■ PROBLEM DESCRIPTION ■
Starting at the line that contains "The leaflet includes", write out every line through the end of the records below exactly as it appears, and leave out all pictures.

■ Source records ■
+ + + +
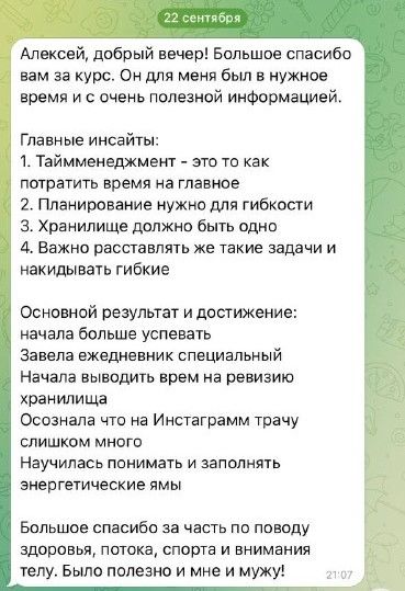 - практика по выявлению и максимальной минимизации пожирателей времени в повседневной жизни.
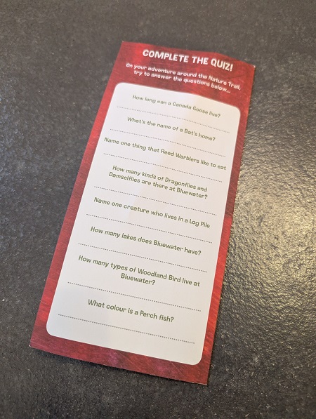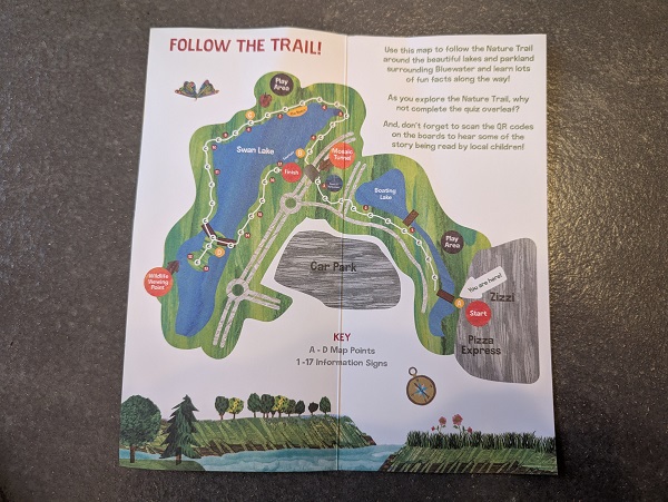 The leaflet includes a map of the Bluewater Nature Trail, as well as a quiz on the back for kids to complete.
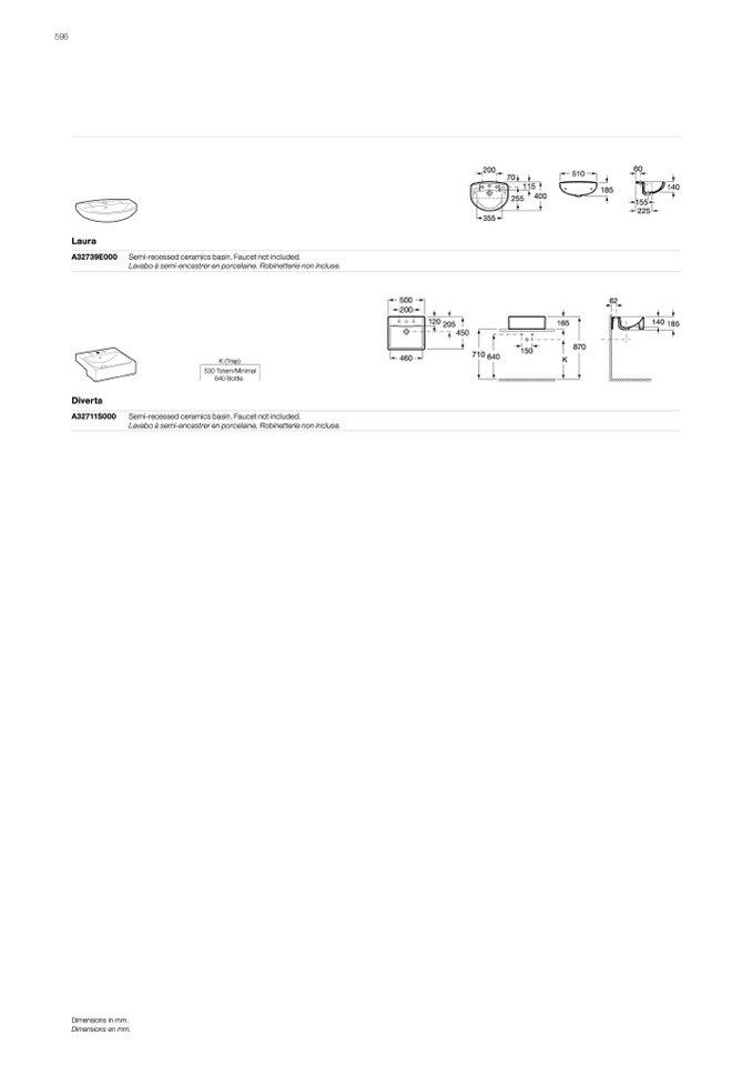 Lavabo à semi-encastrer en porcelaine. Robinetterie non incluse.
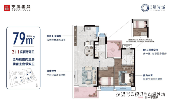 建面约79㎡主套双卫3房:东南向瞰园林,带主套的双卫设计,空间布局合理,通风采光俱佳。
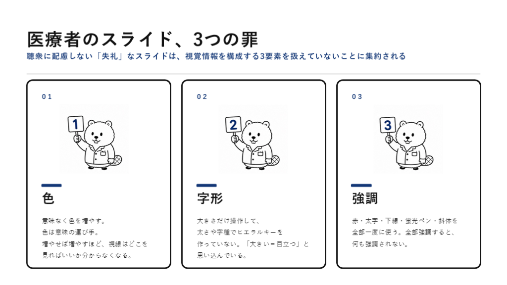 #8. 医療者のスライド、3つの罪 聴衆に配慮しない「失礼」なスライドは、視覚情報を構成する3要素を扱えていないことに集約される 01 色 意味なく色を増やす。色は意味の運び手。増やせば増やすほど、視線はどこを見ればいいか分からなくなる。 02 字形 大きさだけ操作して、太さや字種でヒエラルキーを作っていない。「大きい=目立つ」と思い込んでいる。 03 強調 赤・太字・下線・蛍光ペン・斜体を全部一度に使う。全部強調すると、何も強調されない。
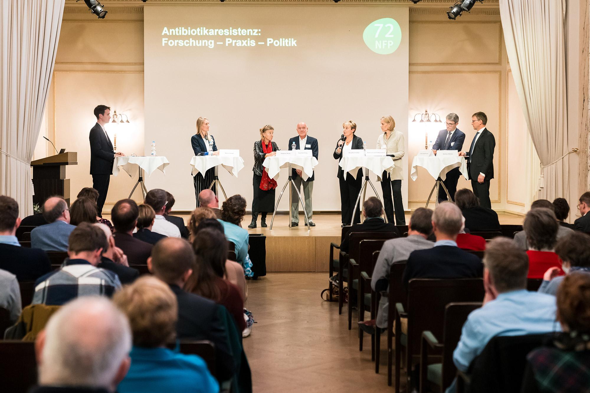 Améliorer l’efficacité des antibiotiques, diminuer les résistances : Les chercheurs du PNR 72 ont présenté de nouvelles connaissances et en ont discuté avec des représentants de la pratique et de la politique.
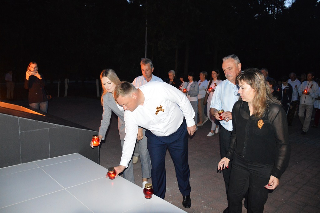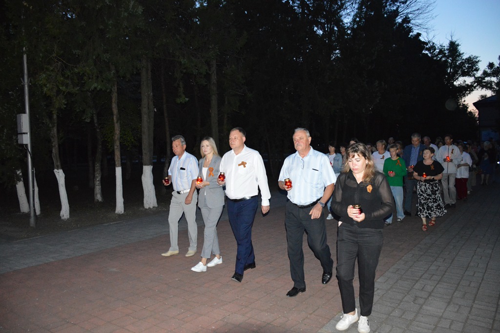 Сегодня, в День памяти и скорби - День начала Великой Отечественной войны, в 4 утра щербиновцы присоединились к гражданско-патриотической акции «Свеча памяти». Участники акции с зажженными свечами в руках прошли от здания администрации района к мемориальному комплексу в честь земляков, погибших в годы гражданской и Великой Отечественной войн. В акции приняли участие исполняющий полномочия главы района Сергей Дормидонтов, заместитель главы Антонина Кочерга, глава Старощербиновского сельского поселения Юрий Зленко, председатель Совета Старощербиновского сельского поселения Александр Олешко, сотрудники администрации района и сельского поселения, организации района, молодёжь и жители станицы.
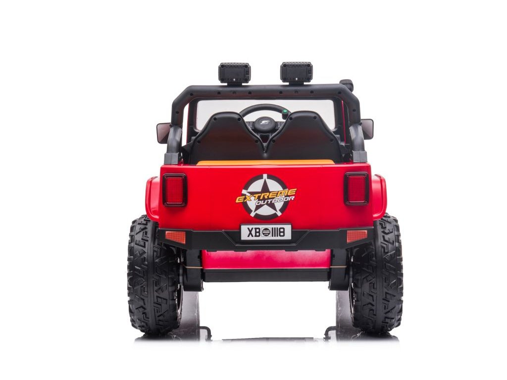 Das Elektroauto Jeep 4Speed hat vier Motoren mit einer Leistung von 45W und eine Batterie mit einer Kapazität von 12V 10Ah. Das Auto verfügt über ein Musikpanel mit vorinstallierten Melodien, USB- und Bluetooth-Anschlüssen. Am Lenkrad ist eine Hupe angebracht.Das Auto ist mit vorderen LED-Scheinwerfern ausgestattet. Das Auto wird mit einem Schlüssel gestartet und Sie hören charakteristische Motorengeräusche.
+ + + +
■ RESULT OF THIS EXERCISE ■
 The leaflet includes a map of the Bluewater Nature Trail, as well as a quiz on the back for kids to complete.
 Lavabo à semi-encastrer en porcelaine. Robinetterie non incluse.
 建面约79㎡主套双卫3房:东南向瞰园林,带主套的双卫设计,空间布局合理,通风采光俱佳。
 #8. 医療者のスライド、3つの罪 聴衆に配慮しない「失礼」なスライドは、視覚情報を構成する3要素を扱えていないことに集約される 01 色 意味なく色を増やす。色は意味の運び手。増やせば増やすほど、視線はどこを見ればいいか分からなくなる。 02 字形 大きさだけ操作して、太さや字種でヒエラルキーを作っていない。「大きい=目立つ」と思い込んでいる。 03 強調 赤・太字・下線・蛍光ペン・斜体を全部一度に使う。全部強調すると、何も強調されない。
 Améliorer l’efficacité des antibiotiques, diminuer les résistances : Les chercheurs du PNR 72 ont présenté de nouvelles connaissances et en ont discuté avec des représentants de la pratique et de la politique.
 Сегодня, в День памяти и скорби - День начала Великой Отечественной войны, в 4 утра щербиновцы присоединились к гражданско-патриотической акции «Свеча памяти». Участники акции с зажженными свечами в руках прошли от здания администрации района к мемориальному комплексу в честь земляков, погибших в годы гражданской и Великой Отечественной войн. В акции приняли участие исполняющий полномочия главы района Сергей Дормидонтов, заместитель главы Антонина Кочерга, глава Старощербиновского сельского поселения Юрий Зленко, председатель Совета Старощербиновского сельского поселения Александр Олешко, сотрудники администрации района и сельского поселения, организации района, молодёжь и жители станицы.
 Das Elektroauto Jeep 4Speed hat vier Motoren mit einer Leistung von 45W und eine Batterie mit einer Kapazität von 12V 10Ah. Das Auto verfügt über ein Musikpanel mit vorinstallierten Melodien, USB- und Bluetooth-Anschlüssen. Am Lenkrad ist eine Hupe angebracht.Das Auto ist mit vorderen LED-Scheinwerfern ausgestattet. Das Auto wird mit einem Schlüssel gestartet und Sie hören charakteristische Motorengeräusche.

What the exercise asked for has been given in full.